▶ Work to complete:
Could you retype exactly the lines below between the one holding "NMC-PL80x80-3PA-WT for 3 ports" and the one holding "2nd Floor Elevator Lobby", inclusive, leaving out any pictures?

-- Listed records follows --

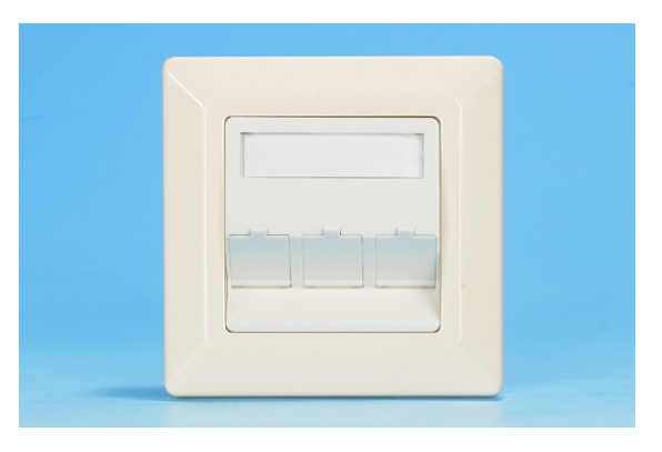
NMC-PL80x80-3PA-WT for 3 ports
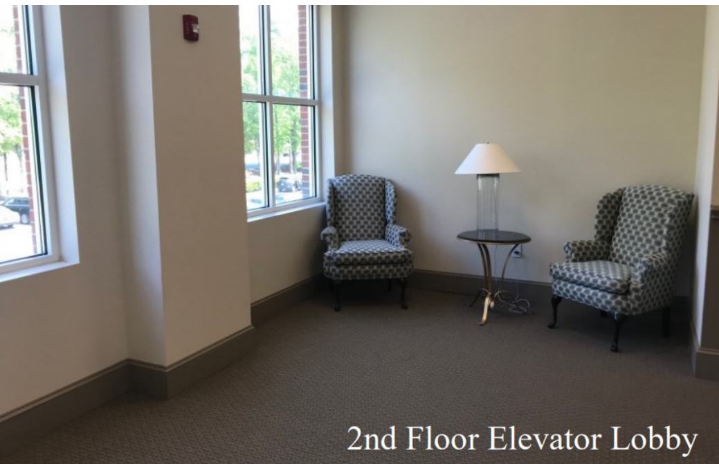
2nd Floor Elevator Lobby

-- Listed records concluded --
-- Listed records follows --

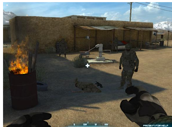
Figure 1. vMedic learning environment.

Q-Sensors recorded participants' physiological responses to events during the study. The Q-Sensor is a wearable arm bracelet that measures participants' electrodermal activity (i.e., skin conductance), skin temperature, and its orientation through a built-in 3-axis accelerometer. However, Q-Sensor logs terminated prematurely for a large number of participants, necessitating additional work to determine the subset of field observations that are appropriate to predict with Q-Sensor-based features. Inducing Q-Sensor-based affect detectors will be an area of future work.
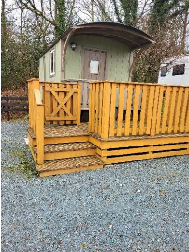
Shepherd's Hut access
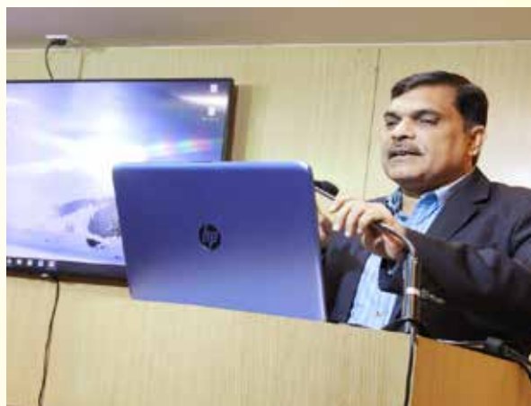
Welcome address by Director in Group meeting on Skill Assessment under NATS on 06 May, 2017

-- Listed records concluded --

▶ Exercise answer:
NMC-PL80x80-3PA-WT for 3 ports
2nd Floor Elevator Lobby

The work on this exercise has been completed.